#### [DATASET CONTENT]
*** Begin section ***

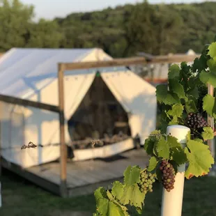 We visited in late July or early August. The grapes on the vines were beautiful! That's a tent in the background.
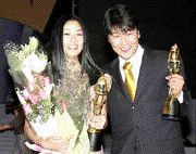 图文:宋康昊高素荣分获韩国大钟奖男女主角 2001年4月26日 10:41 ![]() 中新网汉城4月26日消息:韩国大钟奖颁奖仪式于昨日下午在汉城世宗文化会馆大礼堂举行,影片《共同警备区JSA》主人公宋康昊获得最佳男主角奖,最佳女主角奖则是《一天》主角高素荣。 今年最佳影片奖归属朴赞郁导演的《共同警备区JSA》;韩志升执导的影片《一天》则囊括了导演奖、最佳女主角奖、审议委员会特别奖、女配角奖等主要奖项。而近掀起韩国影坛飓风的影片《朋友》却与奖项失之交臂。 宋康昊表示,“一半的荣誉应该属于一同出演的李柄宪”,并跑到观众席与李炳宪热烈拥抱。 高素荣虽被誉为忠武路黑马,但是一直笼罩在沉银河和全杜妍的阴影之下。此次缍凭借《一天》登上领奖台。 通过网民评选的男女印象奖获得者分别为李炳宪和沉银河。 据韩国中央日报报道,《共同警备区JSA》(作品奖、导演奖、音响奖、美术奖)、杨润浩(音译)导演的《Libera ME》(摄像奖、照明奖、剪辑奖、特殊效果奖)以及《一天》分别囊括了4大奖项。 |
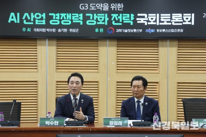 [ 신경북일보 ] 더불어민주당 박수현 의원(충남 공주·부여·청양)은 5일 국회의원회관에서 송기헌 의원(강원 원주을), 위성곤 의원(제주 서귀포시)과 함께 'G3 도약을 위한 AI 산업 경쟁력 강화 전략 국회토론회'를 열고, AI의 산업·공공·지역 확산을 위한 정책 과제를 논의했다.

*** End section ***

#### [PROBLEM TO WORK ON]
Would you please set down the listing above exactly, minus its images?

#### [TASK RESPONSE]
 We visited in late July or early August. The grapes on the vines were beautiful! That's a tent in the background.
 图文:宋康昊高素荣分获韩国大钟奖男女主角 2001年4月26日 10:41 ![]() 中新网汉城4月26日消息:韩国大钟奖颁奖仪式于昨日下午在汉城世宗文化会馆大礼堂举行,影片《共同警备区JSA》主人公宋康昊获得最佳男主角奖,最佳女主角奖则是《一天》主角高素荣。 今年最佳影片奖归属朴赞郁导演的《共同警备区JSA》;韩志升执导的影片《一天》则囊括了导演奖、最佳女主角奖、审议委员会特别奖、女配角奖等主要奖项。而近掀起韩国影坛飓风的影片《朋友》却与奖项失之交臂。 宋康昊表示,“一半的荣誉应该属于一同出演的李柄宪”,并跑到观众席与李炳宪热烈拥抱。 高素荣虽被誉为忠武路黑马,但是一直笼罩在沉银河和全杜妍的阴影之下。此次缍凭借《一天》登上领奖台。 通过网民评选的男女印象奖获得者分别为李炳宪和沉银河。 据韩国中央日报报道,《共同警备区JSA》(作品奖、导演奖、音响奖、美术奖)、杨润浩(音译)导演的《Libera ME》(摄像奖、照明奖、剪辑奖、特殊效果奖)以及《一天》分别囊括了4大奖项。 |
 [ 신경북일보 ] 더불어민주당 박수현 의원(충남 공주·부여·청양)은 5일 국회의원회관에서 송기헌 의원(강원 원주을), 위성곤 의원(제주 서귀포시)과 함께 'G3 도약을 위한 AI 산업 경쟁력 강화 전략 국회토론회'를 열고, AI의 산업·공공·지역 확산을 위한 정책 과제를 논의했다.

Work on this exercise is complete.